Portland NBC affiliate KGW has chosen to highlight the concerns of a downtown hotel manager who says a new bike lane is hurting their business and is a danger to their customers and staff.
Here’s the opening salvo from KGW reporter Mike Benner:
“It’s no secret that downtown Portland is still trying to come back from the pandemic and all of that civil unrest back in 2020. But there are business leaders who believe this new guarded bike lane is not helping the cause one bit.”
The “guarded” lane is the new parking-protected bike lane on SW Broadway the Portland Bureau of Transportation completed this past fall. This project was the final phase of a 13-year project to update Broadway and create a safer space for bicycle users on this crucial downtown main street. Prior to the creation of this wide, curbside lane, bicycle riders were forced to ride in a door-zone lane with just a few feet of space between people driving and people swinging open their doors. The bike lane was a relic that was long overdue for an update.
But to KGW and the general manager of The Heathman (who was the only non-PBOT source in the story), none of that matters. The only thing that matters is how some hotel guests and a few hotel staff must now deal with a bit more traffic in order to access this business. The story centers the stress felt by the hotel manager for about two months, but not one word is shared about the mortal fear and daily stress posed to bicycle riders for decades before these changes were made.
Both the KGW reporter and the hotel manager spoke of “close calls” between people getting out of their cars and bicycle riders using the lane. At one point the hotel manager said, “We had an incident where a guest door got hit by a bicyclist.” That is a very odd way of describing what was most likely an illegal act by the car user as defined in ORS 811.490 which states that drivers or passengers must not open their doors, “until it is reasonably safe to do so and it can be done without interference with the movement of traffic.” Why on earth would a bike rider purposely hit a car’s door and risk injury?
None of that matters in this story because it’s sole purpose is to center the feelings of one business owner and portray the bike lane (and by association, the people who use it) as the antagonist and troublemaker.
Toward the end of the segment, we see a perfect example of how these type of stories tend to over-inflate an idea simply to establish a false narrative that local TV news viewers can sink teeth into.

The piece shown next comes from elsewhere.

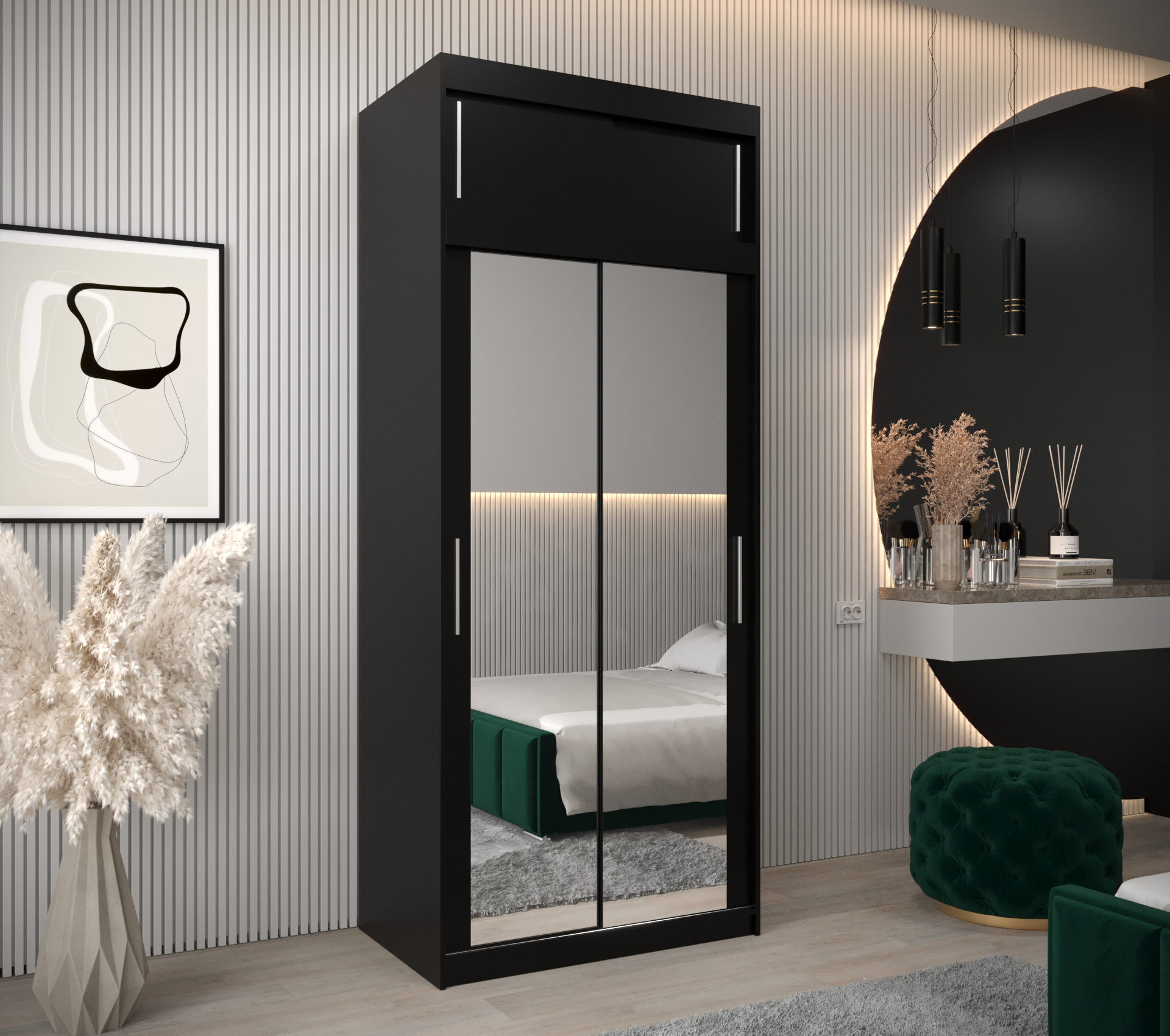 - Zrcadlo: Skříň je vybavena zrcadlem, které opticky zvětšuje prostor a přidává na funkčnosti.

As the KGW camera ran, the reporter narrated a scene where two people pedaled bicycles slowly and calmly in the bike lane. As they approach someone on foot, the person crossed in front of the bike riders and easily stepped onto the curb. It was a totally normal and sane interaction that happens hundreds of times in our city every single day. But to the KGW reporter, it was a nefarious act by the menacing cyclists in a dangerous bike lane. PBOT’s goals to encourage more cycling, the reporter said in an ominous tone, “Won’t come without hiccups as we saw while shooting video near the Benson Hotel. Close Calls like this one are what bothered [the hotel manager].”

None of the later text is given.